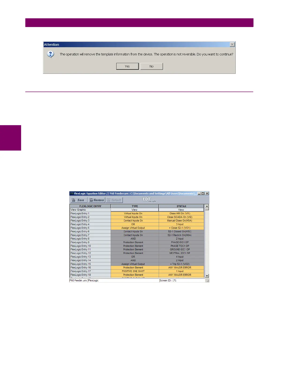 The UR allows users to secure parts or all of a FlexLogic equation, preventing unauthorized viewing or modification of criti-
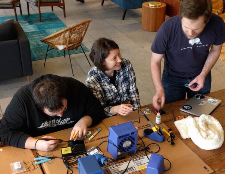 Near the end of 2015, a group of Urban Airship employees in the Portland office invited their colleagues to try their hand at soldering and assembling their very own circuit board ornament.
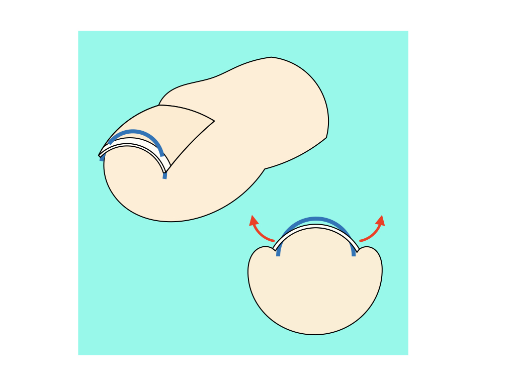 爪に針金を通し、その弾性力で爪を平らにする治療です。爪の浮いたところに針金を通すので、出血はありません。
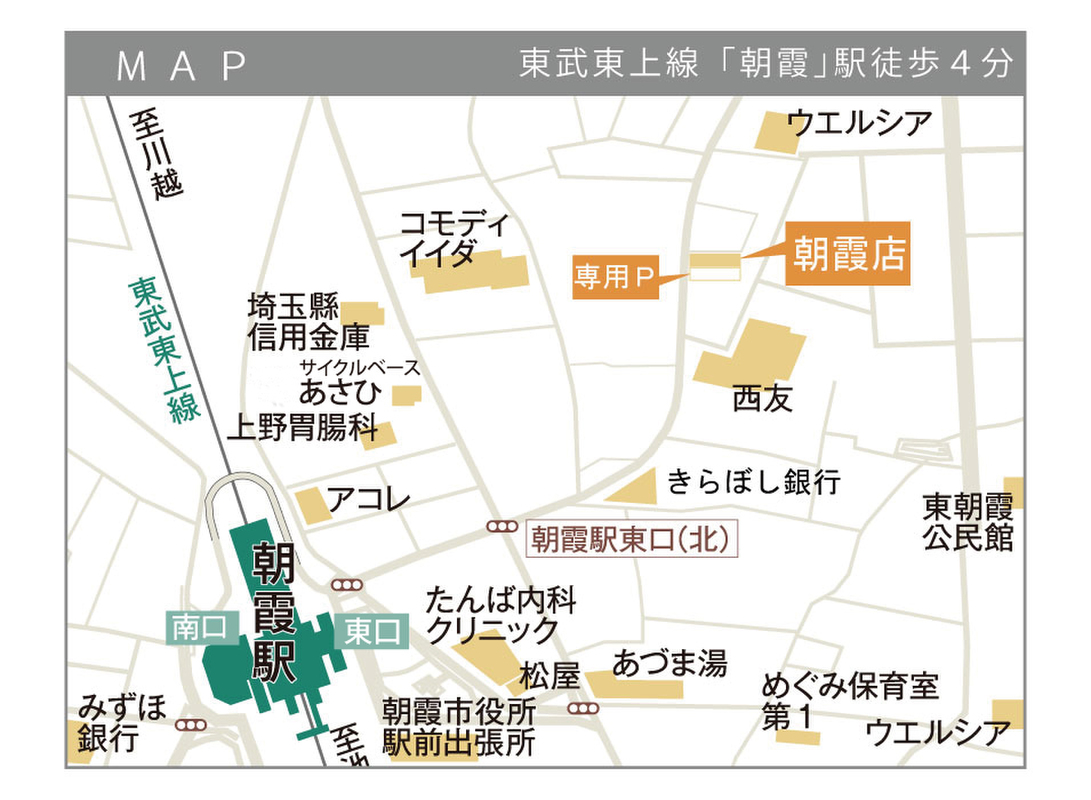 東武東上線「朝霞」駅 バス11分『花の木』バス停 徒歩3分 |
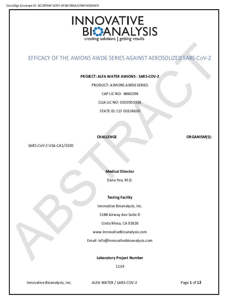 Get the free EFFICACY OF THE AWIONS AWD6 SERIES AGAINST AEROSOLIZED SARS-CoV-2
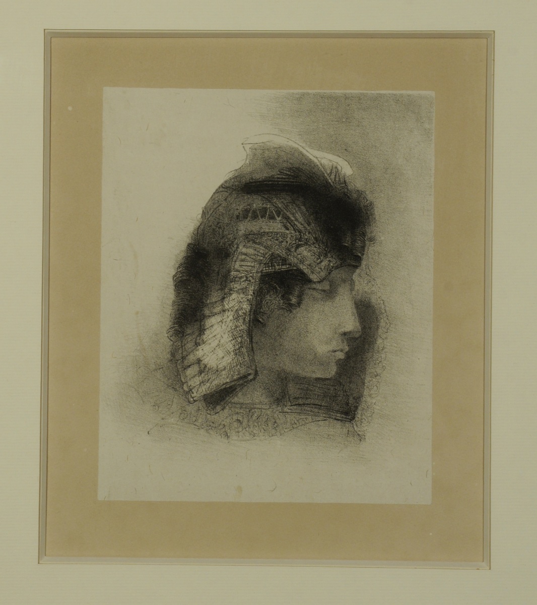 Odilon REDONPortrait d'homme à la coiffe orientale.Estampe.20 x 16 cm.
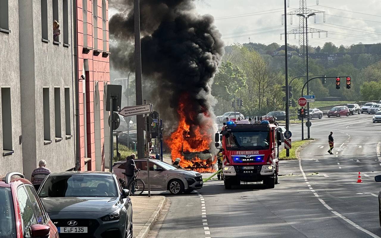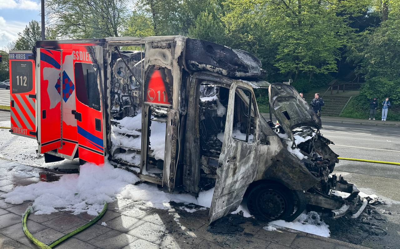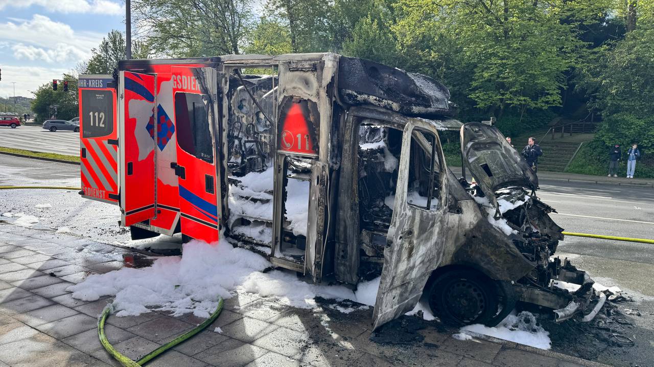 Die Feuerwehr Essen musste am Montagvormittag (15. April) zu einem Einsatz auf der Wuppertaler Straße Ecke Frankenstraße ausrücken. Dort brannte ein Rettungswagen der Feuerwehr Hattingen, der gerade ohne Patienten an Bord in Essen unterwegs war. Die Einsatzkräfte in dem Wagen bemerkten Qualm im Motorbereich. Sie hielten an einer Bushaltestell, brachten die Sauerstoffflaschen und wichtige Technik in Sicherheit. Dann brannte der Wagen auch schon komplett. Die Feuerwehr Essen musste ihn löschen. Die Frankenstraße war Bereich der Bushaltestelle "Annental" komplett gesperrt.
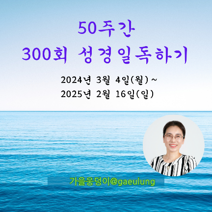 50주간 동안 300회로 나누어 성경을 일독하려고 합니다 진행 중간에 언제든지 들어오셔서 함께 하셔도 좋습니다
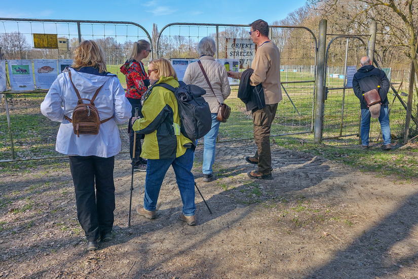 Pod hrází rybníka jsme se u nevelké ohrady poučili o důležitosti výzkumu chování jelena milu a jelena evropského, pokochali jsme se klidnou a čistou hladinou rybníka a pokračovali k Uhříněvsi. Na kraji obory jsme nakoukli přes zeď do nepřístupného židovského hřbitova.
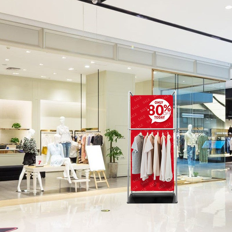 Elevate your brand with this tension fabric display stand featuring a hanging rail, perfect for showcasing products at trade shows, malls, pop-up shops, fashion shows, and promotional events. Portable and lightweight, its clean graphic panel effectively delivers your message and attracts attention to your products. Ideal for maximizing brand visibility and impact.
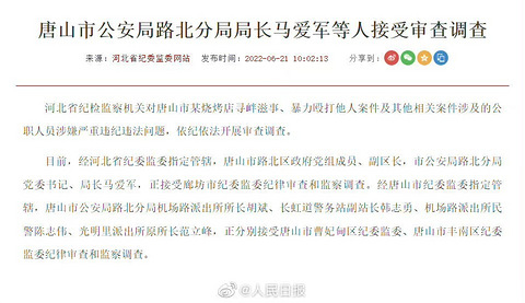 目前,经河北省纪委监委指定管辖,唐山市路北区政府党组成员、副区长,市公安局路北分局党委书记、局长马爱军,正接受廊坊市纪委监委纪律审查和监察调查。经唐山市纪委监委指定管辖,唐山市公安局路北分局机场路派出所所长胡斌、长虹道警务站副站长韩志勇、机场路派出所民警陈志伟、光明里派出所原所长范立峰,正分别接受唐山市曹妃甸区纪委监委、唐山市丰南区纪委监委纪律审查和监察调查。
□ □ □
* [Aim of the task] Output the records exactly. Drop the images.

* [Result]
 The UR allows users to secure parts or all of a FlexLogic equation, preventing unauthorized viewing or modification of criti-
 Near the end of 2015, a group of Urban Airship employees in the Portland office invited their colleagues to try their hand at soldering and assembling their very own circuit board ornament.
 爪に針金を通し、その弾性力で爪を平らにする治療です。爪の浮いたところに針金を通すので、出血はありません。
 東武東上線「朝霞」駅 バス11分『花の木』バス停 徒歩3分 |
 Get the free EFFICACY OF THE AWIONS AWD6 SERIES AGAINST AEROSOLIZED SARS-CoV-2
 Odilon REDONPortrait d'homme à la coiffe orientale.Estampe.20 x 16 cm.
 Die Feuerwehr Essen musste am Montagvormittag (15. April) zu einem Einsatz auf der Wuppertaler Straße Ecke Frankenstraße ausrücken. Dort brannte ein Rettungswagen der Feuerwehr Hattingen, der gerade ohne Patienten an Bord in Essen unterwegs war. Die Einsatzkräfte in dem Wagen bemerkten Qualm im Motorbereich. Sie hielten an einer Bushaltestell, brachten die Sauerstoffflaschen und wichtige Technik in Sicherheit. Dann brannte der Wagen auch schon komplett. Die Feuerwehr Essen musste ihn löschen. Die Frankenstraße war Bereich der Bushaltestelle "Annental" komplett gesperrt.
 50주간 동안 300회로 나누어 성경을 일독하려고 합니다 진행 중간에 언제든지 들어오셔서 함께 하셔도 좋습니다
 Pod hrází rybníka jsme se u nevelké ohrady poučili o důležitosti výzkumu chování jelena milu a jelena evropského, pokochali jsme se klidnou a čistou hladinou rybníka a pokračovali k Uhříněvsi. Na kraji obory jsme nakoukli přes zeď do nepřístupného židovského hřbitova.
 Elevate your brand with this tension fabric display stand featuring a hanging rail, perfect for showcasing products at trade shows, malls, pop-up shops, fashion shows, and promotional events. Portable and lightweight, its clean graphic panel effectively delivers your message and attracts attention to your products. Ideal for maximizing brand visibility and impact.
 目前,经河北省纪委监委指定管辖,唐山市路北区政府党组成员、副区长,市公安局路北分局党委书记、局长马爱军,正接受廊坊市纪委监委纪律审查和监察调查。经唐山市纪委监委指定管辖,唐山市公安局路北分局机场路派出所所长胡斌、长虹道警务站副站长韩志勇、机场路派出所民警陈志伟、光明里派出所原所长范立峰,正分别接受唐山市曹妃甸区纪委监委、唐山市丰南区纪委监委纪律审查和监察调查。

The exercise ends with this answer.